Another factor to consider is, what does a current limit do? It was recently shown in another thread that the battery current is "multiplied" into a higher motor current during current limiting, and it seems some were mislead into believing that phase currents actually were higher than they would be otherwise at full throttle (i.e., no current limit, full throttle) due to the wording. What actually happens is that the current limit restricts the power (keeps it constant) at lower speeds, whereas at full throttle, the power continually increases until reaching a maximum at 0 RPM, so the current limit "bends down" the motor current and results in a lower motor current. See the picture below.



So taking those things into consideration, it seems almost too agreeable that lower throttle = lower motor current and lower current limits = lower motor currents. When you're limiting or decreasing the power, motor power doesn't increase. From those graphs, it also shows why regular ebike controllers include current limits. So that the motor/phase currents are low enough so that the controller doesn't instantly self-destruct.

.....

There's been some controversy (Actually, the only controversy seems to come from one member... *ahem*), so I'll show more "practical graphs".

Here's the 5302, 100v, 20 inch rim, 50 amp current limit, .01 ohm battery resistance, .01 controller resistance. This isn't actually representative of real life because the battery resistance will typically be more than .01 ohms (That's like 2+ kWH of 30C Lipo with short 4 gauge wires), so they'll be less in real life, but the differences will remain comparable.

And here's the same 5302 with a 100 A battery current limit.

As you'll notice, the 0 RPM current for the 50 Amp one is ~260 amps while the 100 amp one is ~360.
At 50 mph, the 50 amp one has a phase current of around ~90 amps while the ~100 amp one has a phase current of around ~160 amps.

So, an obvious conclusion, a lower battery current limit results in less motor current at any given speed (except the no-load speed where they both go to "zero", or technically the no-load current.), but they'll approach each other as it tends towards the no-load speed (The fastest your motor can spin at a given voltage) and will equal each other once both are outside of current limiting.

I reserve the right to edit this post at any time, without notice, to correct any accidental miswordings

(Caveat: the above assumes an "ideal battery", i.e., no internal resistance. Batteries with larger internal resistances will deviate from the ideal results above and reduce the full throttle phase currents because their output voltage will significantly decrease at higher currents.)

 

[johnrobholmes]

Lower average motor current yes. Lower peak currents, no.

 

[swbluto]

Lower average motor current yes. Lower peak currents, no.

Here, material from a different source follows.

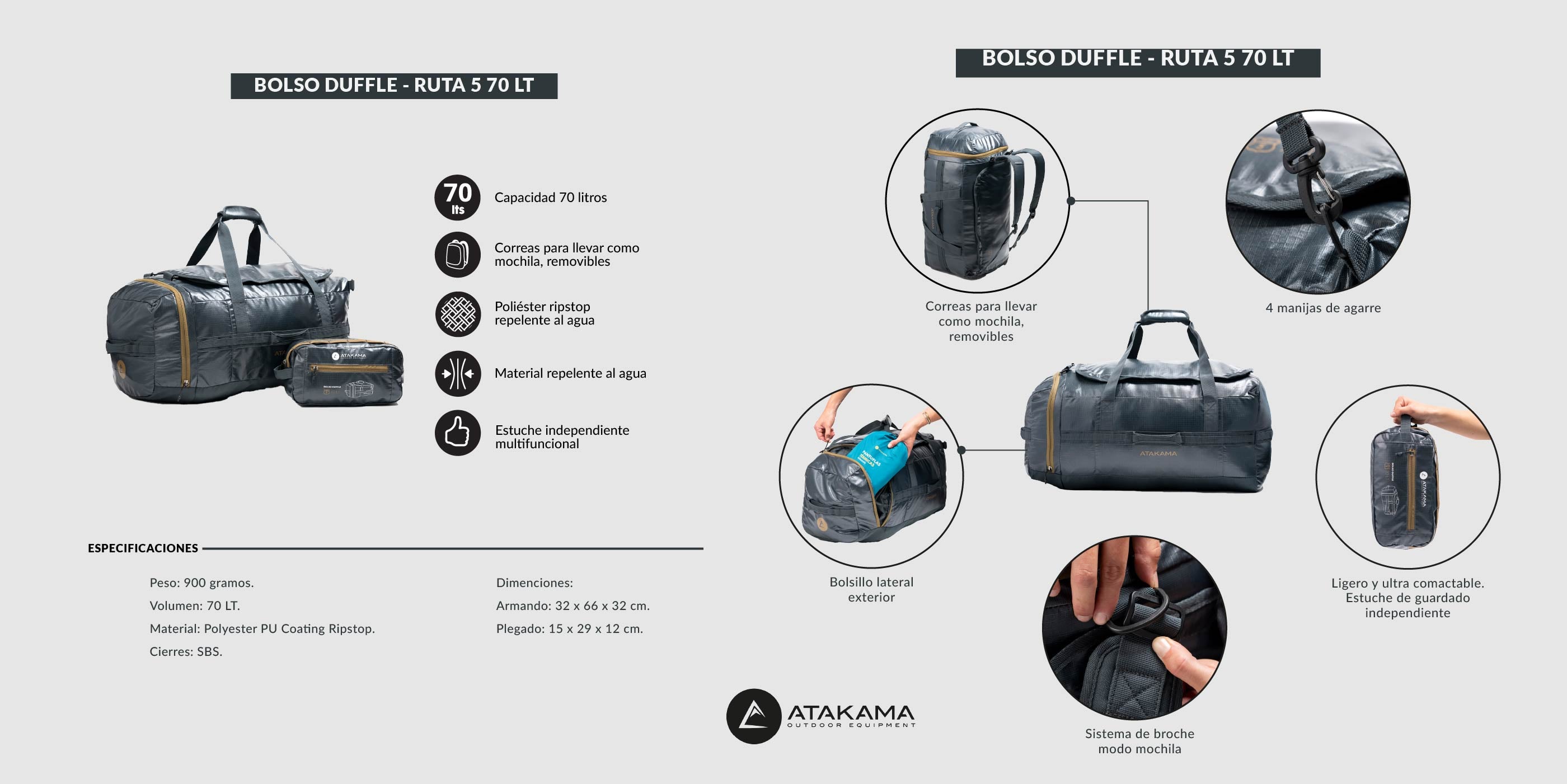 Bolso Duffle Ultra Compactable Ruta 5 70 lt

That depends on the L/R ratio. For most hub motors, where the peak-to-peak current or "ripple current" is 2 to 8 amps, that isn't true for the vast majority of "practically comparable" situations. (I'm not going to compare 97% throttle and 100% throttle, for example.)

According to Justin's testing, the L/R ratio of typical outrunners is comparable to hub motors. I don't know about inrunners like the astros, but I'm guessing that's why matt/bob suggests setting the PWM frequency to 24 kHz instead of the typical 10 kHz due to the motor's fairly low inductance.

 

[johnrobholmes]

I'm not quite sure what you are getting at with this thread. It sounds like you are saying less battery current = less work, which is true. Less battery current cannot predict the motor currents (other than simple average) without considering duty cycle and commutation frequencies, as well as system inductance.

 

[John in CR]

I'm not quite sure what you are getting at with this thread.

Seems like more trees blocking the forest view to me. Thread title certainly needs modification until a view of the forest is brought into focus.

 

[swbluto]

I'm not quite sure what you are getting at with this thread.

I would quote what john and matt has written to show you what the point of this thread was. In a nutshell, some have the impression less throttle or a battery current limit means more phase current than if that didn't exist (no battery current limit or "no partial throttle"/full-throttle). This isn't true. If you already understand that, than you're on the right page.

Less battery current cannot predict the motor currents (other than simple average) without considering duty cycle and commutation frequencies, as well as system inductance.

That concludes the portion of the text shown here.